On 28/03/11 08:49, Paolo Castagna wrote:
Hi,
I sometimes see queries like this one:
SELECT *
WHERE {
...
?event :start ?start .
?event :end ?end .
FILTER (
(?start > "2010-03-27T00:00:00Z"^^xsd:dateTime) &&
(?end < "2010-03-28T00:00:00Z"^^xsd:dateTime)
)
}
The FILTER is scanning the indexes and the node table to find the values
which satisfy the filter expression.
With TDB, if you have a large dataset, this query can be slow.
TDB already encodes certain node values (including DateTime) inline in
the node ids and the good news is that the encoding scheme preserves the
order.
See NodeId's inline(Node node) method:
https://jena.svn.sourceforge.net/svnroot/jena/TDB/trunk/src/main/java/com/hp/hpl/jena/tdb/store/NodeId.java
And, DateTimeNode, for example:
https://jena.svn.sourceforge.net/svnroot/jena/TDB/trunk/src/main/java/com/hp/hpl/jena/tdb/store/DateTimeNode.java
However, I am not sure these in line node ids are at the moment used at
query time.

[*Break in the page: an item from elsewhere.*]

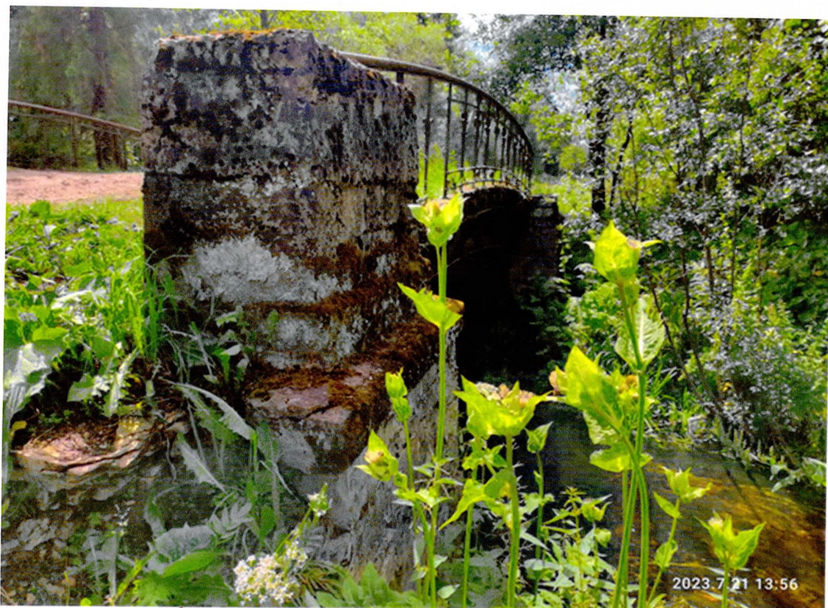
Фото 4. «Можжевеловый мост № 1». Устой моста, правый берег низовая сторона.

Am I right?
The dataTime value are rebuilt directly from the bits stored in the
NodeId, There isn't an entry in the node table for value directly
encoded. It uses unpackDateTime
The custom "NumberUtils.formatInt" stuff is because it's appreciably
faster than the standard java operations for paring integers which are
locale sensitive but that isn't needed here.
Inlcing into Nodeids is added by NodeTableInlin and it calls
NodeId.inline(node) ;
This is probably not a trivial change, but one worth aiming at.
What could be done is add better range index scans that started at a
particular value, and not look for "any" in that slot. However, the
biggest benefit is not hitting the NodeTable at all which is already there.
In theory, it should speed up this kind of FILTER expressions and TDB
will be able to answer certain queries without touching the node table
or scanning a large portion of your data just to find a few values.
Another very similar use case is with queries involving locations (i.e.
latitude and longitude). Sometimes you want to find things within a
bounded box, therefore you have a similar expression for latitude values
and one for longitude values.
Is it worth opening a JIRA issue (i.e. a feature request) for this?
Paolo
Andy